Para eles, não existem o bem e o mal absolutos — conceitos que Nietzsche considerava invenções humanas, especialmente da moral cristã, fruto de ressentimento e de uma vontade de punir ou recompensar. Em vez disso, o que existe é o bom e o ruim. Bom é o que é apto para a vida, o criador por excelência, aquele que busca sempre expandir sua potência de agir. Ruim é o fraco, o ressentido, aquele que vive preso ao passado e não aceita a vida como ela é, buscando consolo em um mundo superior — como o reino dos céus, que promete redimir o sofrimento.
Esses fracos, segundo Nietzsche em Assim Falou Zaratustra, são os desprezadores do corpo, aqueles que estão cansados de seus corpos e, por isso, acreditam na alma. Porém, tanto para Nietzsche quanto para Espinosa, tudo o que importa é o corpo e a energia vital que o move, ora aumentando, ora enfraquecendo.
Tenho predileção por estudar esses filósofos porque eles redimem o homem de seu sofrimento, de suas circunstâncias e do peso do pecado. Como Nietzsche diz:
“Ninguém é responsável por sua existência, pela sua constituição, pela sua situação, pelo seu ambiente e pelo fato de que se encontra em tais circunstâncias. A fatalidade de sua essência não pode ser desmembrada da fatalidade de tudo o que foi e será. Não se pode julgar, não se pode imputar culpa a ninguém por estar aqui. Ser é uma tremenda fatalidade.”
Julgar o ser humano seria o mesmo que julgar o todo. Mas não existe nada fora do todo. Nietzsche critica, assim, o livre-arbítrio e a ideia de uma razão pura que seria responsável pelas escolhas humanas, como defendiam Descartes e Kant. Para Nietzsche, nossas decisões são tomadas pelo corpo, de forma inconsciente, a partir da relação com o mundo. A consciência apenas chega depois. Por exemplo: o corpo sente fome, e então a consciência pensa em maneiras de se alimentar. O corpo sente dor, e a consciência busca formas de aliviar esse sofrimento.
Essas teorias, desenvolvidas há mais de dois séculos, encontram hoje respaldo em pesquisas da neurociência, como as do famoso neurocientista António Damásio.

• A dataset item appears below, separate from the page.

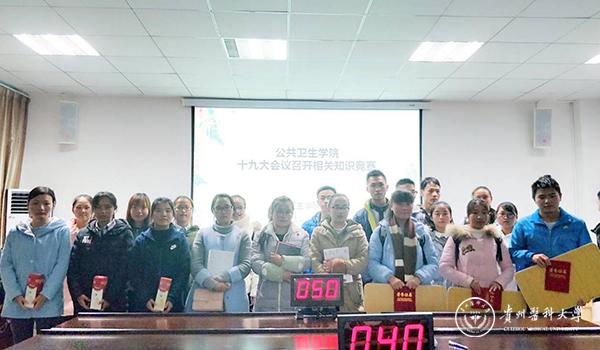 为学习宣传贯彻党的十九大精神,引领和带动广大青年学生学习党的十九大精神,坚定理想信念,树立正确的世界观、人生观、价值观,成为积极传播者和模范践行者、成为勇于担当的社会主义合格建设者。公共卫生学院分团委于11月21日在公共卫生学院二楼多功能报告厅举办了党的十九大精神知识竞赛。共有各年级团支部推荐的10支参赛队参加竞赛。
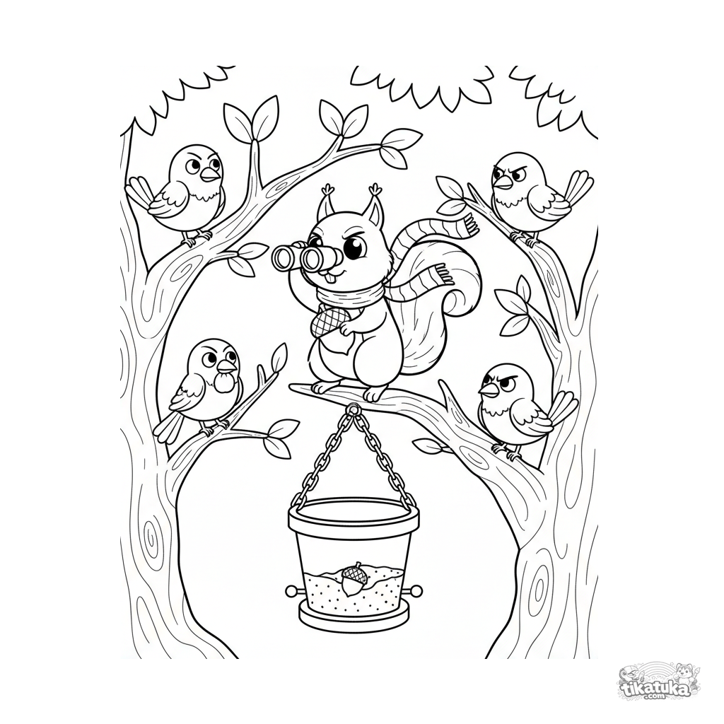 Coloring page for kids 10-12: a determined squirrel with a scarf on a bird feeder, using tiny binoculars to scout for nuts, while birds look on annoyed. Funny meme.

Ele é autor de obras como O Erro de Descartes e estuda a relação entre corpo e mente, defendendo que os sentimentos e a razão surgem das interações entre o organismo e o mundo. Damásio, assim como Nietzsche e Espinosa, rejeita a separação rígida entre mente e corpo, argumentando que a consciência é um produto da corporeidade e das emoções.
Na prática, no entanto, é difícil aplicar essas ideias. Agir sempre de forma a expandir nossa potência, sem diminuí-la, é um desafio constante. Como diria Nietzsche, na prática, a teoria é outra quando se trata de viver.